第102章 人啊,要有底線
馮秉義眉頭一皺,他並沒有動怒,而是沉聲道:「陳小神醫,當著大家的面,有些話可不能亂說。」
換成旁人,恐怕早已被他轟出門外。
但,陳龍不一樣,對方對他有恩,於情於理,他都會等對方給出一個解釋。
再看馮清禾臉色一白,立刻反駁道:「陳龍,你休要血口噴人,我從沒得罪過你吧?市面上的沉香大多都帶雜味,單憑鼻子就判定摻毒未免太過武斷,而且我做的香料檢測報告齊全,怎麼可能會碰罌粟,莽草這類違禁品。
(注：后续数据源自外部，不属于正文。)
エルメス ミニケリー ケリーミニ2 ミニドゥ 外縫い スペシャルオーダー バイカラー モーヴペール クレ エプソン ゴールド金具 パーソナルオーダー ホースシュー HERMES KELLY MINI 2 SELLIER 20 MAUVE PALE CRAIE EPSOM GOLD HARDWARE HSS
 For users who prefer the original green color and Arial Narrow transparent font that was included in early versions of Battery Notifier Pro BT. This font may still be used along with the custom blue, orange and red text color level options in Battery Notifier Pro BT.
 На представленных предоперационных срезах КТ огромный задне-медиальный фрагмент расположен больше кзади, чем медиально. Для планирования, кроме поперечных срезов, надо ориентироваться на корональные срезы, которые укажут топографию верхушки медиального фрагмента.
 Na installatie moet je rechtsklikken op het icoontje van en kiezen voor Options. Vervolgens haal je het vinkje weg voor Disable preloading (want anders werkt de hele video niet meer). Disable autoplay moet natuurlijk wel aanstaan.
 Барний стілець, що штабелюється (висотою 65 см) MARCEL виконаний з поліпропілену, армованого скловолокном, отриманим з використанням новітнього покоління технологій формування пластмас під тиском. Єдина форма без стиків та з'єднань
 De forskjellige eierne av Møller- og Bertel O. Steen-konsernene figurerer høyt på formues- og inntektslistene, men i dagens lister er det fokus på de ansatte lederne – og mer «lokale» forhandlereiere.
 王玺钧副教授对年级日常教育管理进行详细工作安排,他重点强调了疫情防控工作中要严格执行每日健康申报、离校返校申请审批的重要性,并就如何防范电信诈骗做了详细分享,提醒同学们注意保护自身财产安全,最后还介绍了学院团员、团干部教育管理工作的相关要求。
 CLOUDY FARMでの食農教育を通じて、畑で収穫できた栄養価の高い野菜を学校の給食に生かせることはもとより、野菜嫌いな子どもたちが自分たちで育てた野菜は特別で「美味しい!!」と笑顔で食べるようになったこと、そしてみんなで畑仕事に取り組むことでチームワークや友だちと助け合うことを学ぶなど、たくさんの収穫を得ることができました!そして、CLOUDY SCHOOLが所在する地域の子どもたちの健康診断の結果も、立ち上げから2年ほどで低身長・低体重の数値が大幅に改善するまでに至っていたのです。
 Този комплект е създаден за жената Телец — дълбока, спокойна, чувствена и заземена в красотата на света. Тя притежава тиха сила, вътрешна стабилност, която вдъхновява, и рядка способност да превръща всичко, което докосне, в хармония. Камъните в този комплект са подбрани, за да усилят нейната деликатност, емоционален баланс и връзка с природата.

」
說著。
她抬手示意傭人拿來香盒,掀開蓋子展示黃褐色粉末:「諸位不信可以上前聞一下,絕對是純粹的天然沉香,哪有他說的那些刺鼻雜味。」
眾人半信半疑湊上去嗅了一下,確實只聞到濃郁木質沉香,根本察覺不到陳龍所說的異味。
馮清禾見狀,也是悄悄鬆了口氣。
可這一細微舉動,卻正好被馮秉義看在眼裡,這讓他眉頭輕輕一蹙。
「陳龍,你污衊我的清白,看在你治好我父親的病份上,只要你當眾給我道歉,我可以既往不咎。」馮清禾底氣十足。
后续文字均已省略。